Provided entries —

○ ○ ○

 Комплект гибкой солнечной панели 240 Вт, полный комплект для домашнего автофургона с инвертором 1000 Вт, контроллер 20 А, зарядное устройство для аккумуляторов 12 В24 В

○ ○ ○

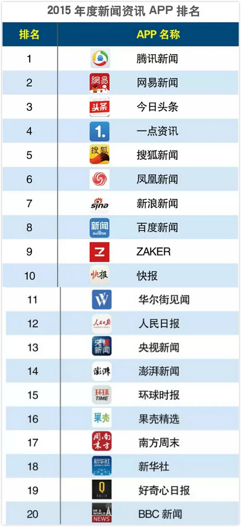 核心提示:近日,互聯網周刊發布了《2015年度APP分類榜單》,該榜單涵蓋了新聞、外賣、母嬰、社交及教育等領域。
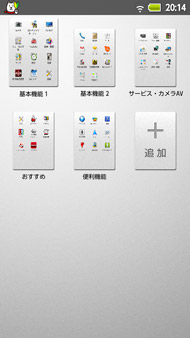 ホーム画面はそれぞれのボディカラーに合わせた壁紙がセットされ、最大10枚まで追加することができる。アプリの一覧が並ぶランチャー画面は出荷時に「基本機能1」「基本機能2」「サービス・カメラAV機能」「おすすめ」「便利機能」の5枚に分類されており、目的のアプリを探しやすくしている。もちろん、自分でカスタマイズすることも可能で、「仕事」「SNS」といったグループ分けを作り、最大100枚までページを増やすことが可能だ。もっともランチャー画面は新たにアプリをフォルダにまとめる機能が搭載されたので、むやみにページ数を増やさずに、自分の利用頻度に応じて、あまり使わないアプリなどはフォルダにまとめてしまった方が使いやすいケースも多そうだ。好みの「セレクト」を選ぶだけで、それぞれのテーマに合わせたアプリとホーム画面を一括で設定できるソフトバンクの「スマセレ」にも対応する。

○ ○ ○

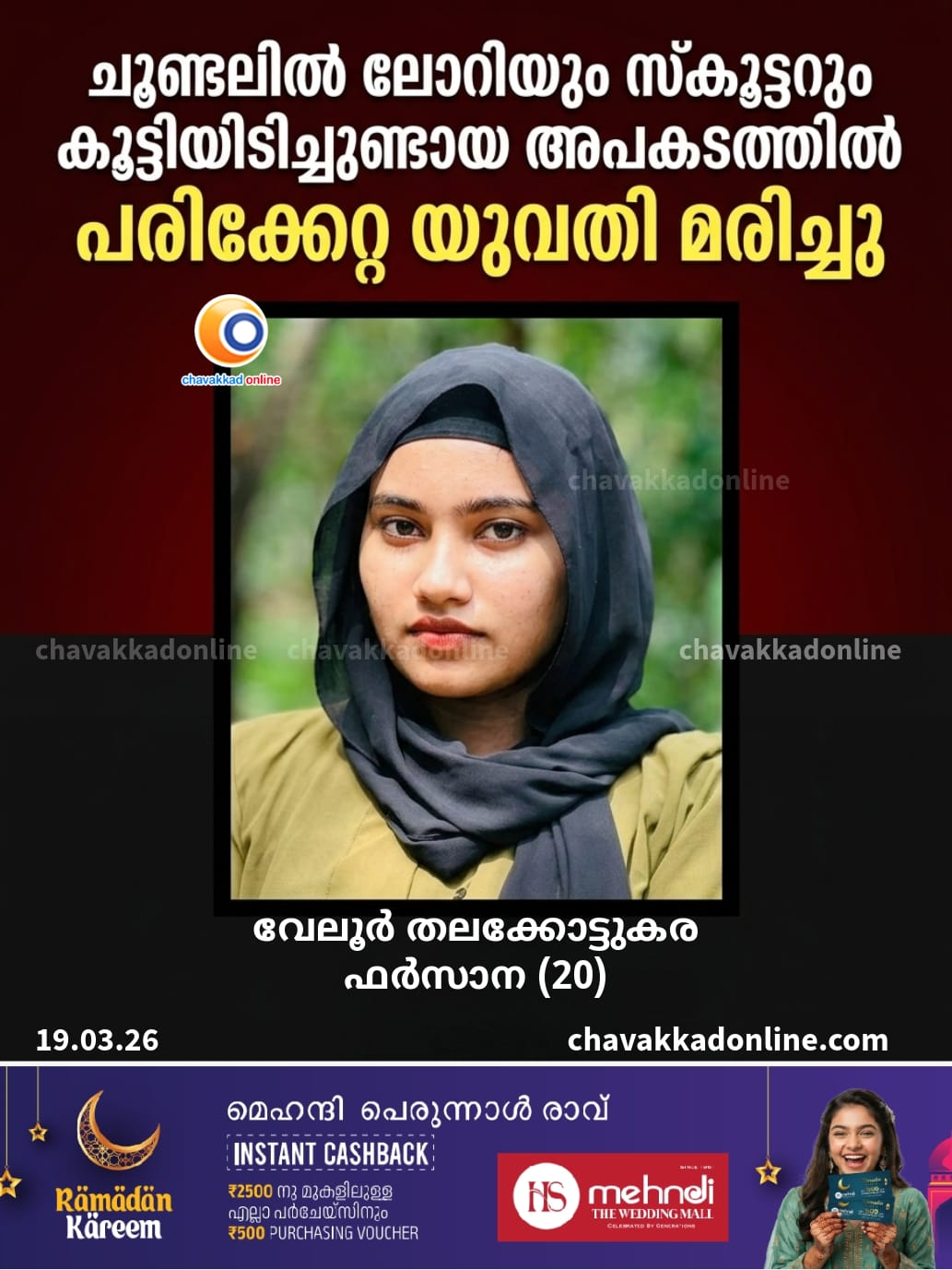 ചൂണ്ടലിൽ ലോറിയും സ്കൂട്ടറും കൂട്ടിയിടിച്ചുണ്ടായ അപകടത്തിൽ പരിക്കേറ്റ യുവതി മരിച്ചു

○ ○ ○

Using the data above, set down each line from the line with "核心提示:近日,互聯網周刊發" to the line with "ホーム画面はそれぞれのボディ" exactly, both ends included, and leave the pictures behind. Nothing else belongs.

 核心提示:近日,互聯網周刊發布了《2015年度APP分類榜單》,該榜單涵蓋了新聞、外賣、母嬰、社交及教育等領域。
 ホーム画面はそれぞれのボディカラーに合わせた壁紙がセットされ、最大10枚まで追加することができる。アプリの一覧が並ぶランチャー画面は出荷時に「基本機能1」「基本機能2」「サービス・カメラAV機能」「おすすめ」「便利機能」の5枚に分類されており、目的のアプリを探しやすくしている。もちろん、自分でカスタマイズすることも可能で、「仕事」「SNS」といったグループ分けを作り、最大100枚までページを増やすことが可能だ。もっともランチャー画面は新たにアプリをフォルダにまとめる機能が搭載されたので、むやみにページ数を増やさずに、自分の利用頻度に応じて、あまり使わないアプリなどはフォルダにまとめてしまった方が使いやすいケースも多そうだ。好みの「セレクト」を選ぶだけで、それぞれのテーマに合わせたアプリとホーム画面を一括で設定できるソフトバンクの「スマセレ」にも対応する。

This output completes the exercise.